Der “Panzerbär” ist wieder da. Das in den letzten Tagen des 2. Weltkriegs in sieben Ausgaben erschienene “Kampfblatt für die Verteidigung Gross-Berlins” wurde zwar nicht neu aufgelegt, doch jetzt hat es die FAZ übernommen, Gastbeiträge im Geiste dieser Frontzeitung unredigiert zu drucken. “Wann raffen wir uns endlich auf ?” fragt ein Landser der ganz alten Schule, Wolf Poulet, und führen statt “perpetuierter Gutmenschlichkeit” und „2.0-Abbitte für Adolf Hitler“ endlich wieder ordentliche Angriffskriege ? Wer in unserer “friedensverstiegenen Generation” sorgt dafür, dass die Bundeswehr endlich ihre  “ca. 4500” Panzer wieder kriegt, die sie im Kalten Krieg vor 1989 befehligte: “Heute sind es noch zwischen 225 und 300”. Klar, dass Gross-Berlin damit nicht zu halten sein wird, gegen die aggressive Übermacht der  Roten Armee von Stalin aka Putin.  Und gegen die Islamisten überall, und die ganzen Flüchtlinge.

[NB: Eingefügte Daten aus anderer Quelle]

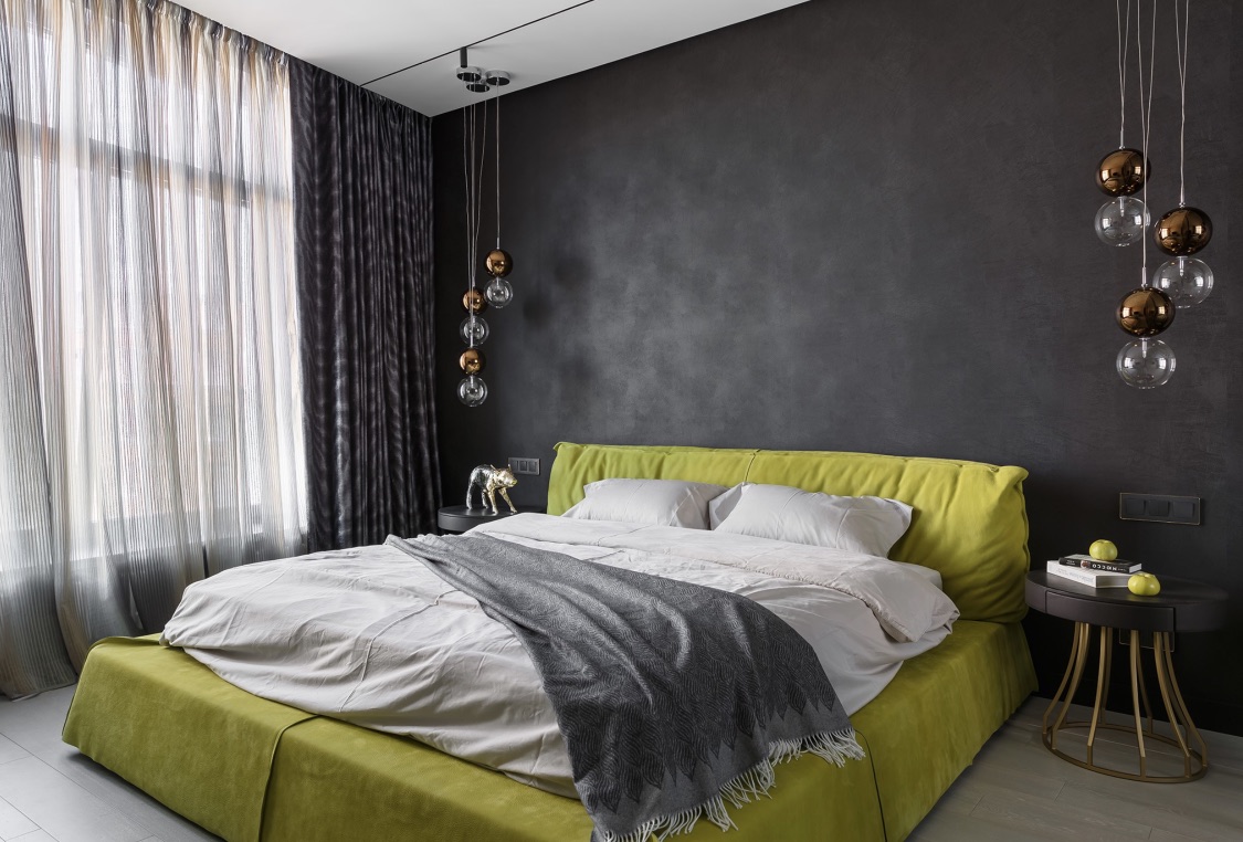 - Нейтральные стены (светлые или темные), на фоне которых размещается мебель в ярких, салатовых цветах.

Halb Afrika sitzt schon auf gepackten Koffern! Und das nur, weil Westerwelle und Merkel “durchdrungen von ihrer Friedensneigung” den Libyen-Einsatz verweigerten, und an der “Seite von Russen und Chinesen für Enthaltung stimmten.” Was soll man von einer Pfarrerstochter und einem Homo auch erwarten, außer dass sie mit dem Iwan und den Schlitzaugen paktieren und  die Alliierten “desavouieren” – bei ihrem großartigen Libyen-Einsatz, dank dem jetzt der IS und Al Qaida in Tripolis regieren. Mit 4500 Bundeswehr-Panzern (Rommel 2.0!) wär’ das natürlich nicht passiert.  Zudem würde der “Abbau der unspezifischen Friedensverstiegenheit” zu Hause zum Aufbau  der  “nationalen Verteidigungsfähigkeit” beitragen und verhindern, dass  “Parteien mit verquaster chauvinistischer Heilslehre” an die Regierung kommen. Wer also Pegida & AfD verhindern will, muss die Abbitte für Adi einfach mal stecken lassen und wieder ein paar ordentliche “Kampfeinsätze” hinlegen.  Mit Hitlary als voraussichtlicher Präsidentin wird es auf jeden Fall reichlich Gelegenheit geben…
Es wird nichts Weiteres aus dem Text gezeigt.